01 1Hovione PharmaScience Limited
01 1Doxycycline hyclate
01 1Portugal
Registration Number : 224MF10204
Registrant's Address : Estrada Coronel Nicolau de Mesquita Taipa, Macau S. A. R. China
Initial Date of Registration : 2012-10-09
Latest Date of Registration : 2024-05-15
A Doxycycline Hyclate manufacturer is defined as any person or entity involved in the manufacture, preparation, processing, compounding or propagation of Doxycycline Hyclate, including repackagers and relabelers. The FDA regulates Doxycycline Hyclate manufacturers to ensure that their products comply with relevant laws and regulations and are safe and effective to use. Doxycycline Hyclate API Manufacturers are required to adhere to Good Manufacturing Practices (GMP) to ensure that their products are consistently manufactured to meet established quality criteria.
click here to find a list of Doxycycline Hyclate manufacturers with USDMF, JDMF, KDMF, CEP, GMP, COA and API Price related information on PhamaCompass.

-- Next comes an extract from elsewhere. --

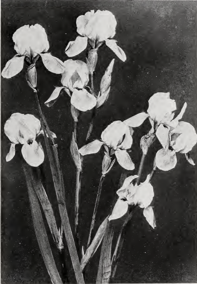
Charming "RHEIN NIXE"

A Doxycycline Hyclate supplier is an individual or a company that provides Doxycycline Hyclate active pharmaceutical ingredient (API) or Doxycycline Hyclate finished formulations upon request. The Doxycycline Hyclate suppliers may include Doxycycline Hyclate API manufacturers, exporters, distributors and traders.
click here to find a list of Doxycycline Hyclate suppliers with USDMF, JDMF, KDMF, CEP, GMP, COA and API Price related information on PharmaCompass.

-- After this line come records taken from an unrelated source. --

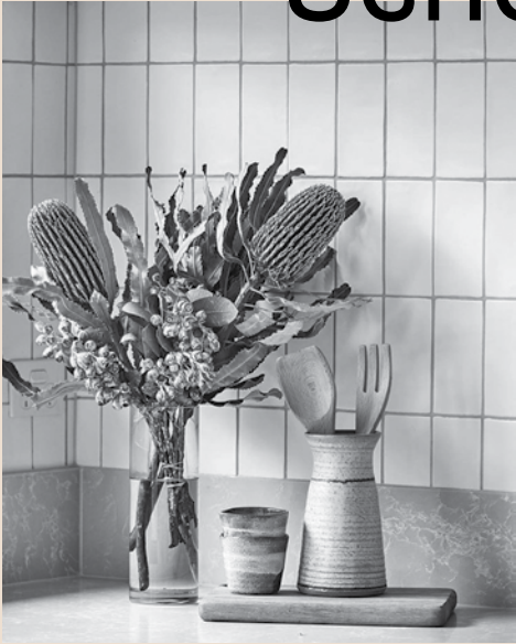
2019 Course Guide Melbourne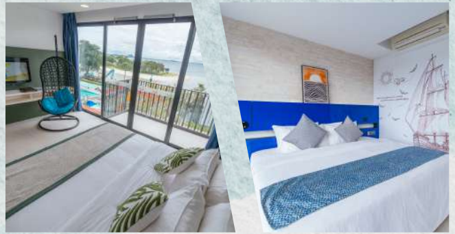
Deluxe Suite (1 bedroom, 43sqm)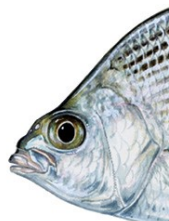
Eyes Size, location of eyes tells about quality of vision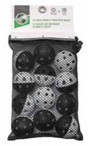
23390 Black/White Practice Balls Pack of 12 high-impact black and white practice balls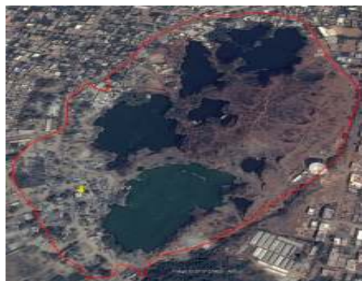
Figure 1. Sudsy area – Stone Quarry of Pammal region

and within 1km from Tambaram and Maduravoil Express high way (figure 1). The Tamil Nadu Pollution control board give the consent order to install the above industry and operation where monitored and look after the fulfillment of the Air, Noise, Water Soil Pollution control Measures were installed already and it is periodically inspected by the officials and renew the consent order every year.

The Pharmaceuticals and Medical Devices Agency (PMDA) established the Japan Drug Master File (JDMF), also known as the Master File (MF), to permit Japanese and foreign manufacturers of drug substances, intermediates, excipients, raw materials, and packaging materials (‘Products’) to voluntarily register confidential information about the production and management of their products in Japan.
The Doxycycline Hyclate Drug Master File in Japan (Doxycycline Hyclate JDMF) empowers Doxycycline Hyclate API manufacturers to present comprehensive information (e.g., production methods, data, etc.) to the review authority, i.e., PMDA (Pharmaceuticals & Medical Devices Agency).
PMDA reviews the Doxycycline Hyclate JDMF during the approval evaluation for pharmaceutical products. At the time of Doxycycline Hyclate JDMF registration, PMDA checks if the format is accurate, if the necessary items have been included (application), and if data has been attached.
click here to find a list of Doxycycline Hyclate suppliers with JDMF on PharmaCompass.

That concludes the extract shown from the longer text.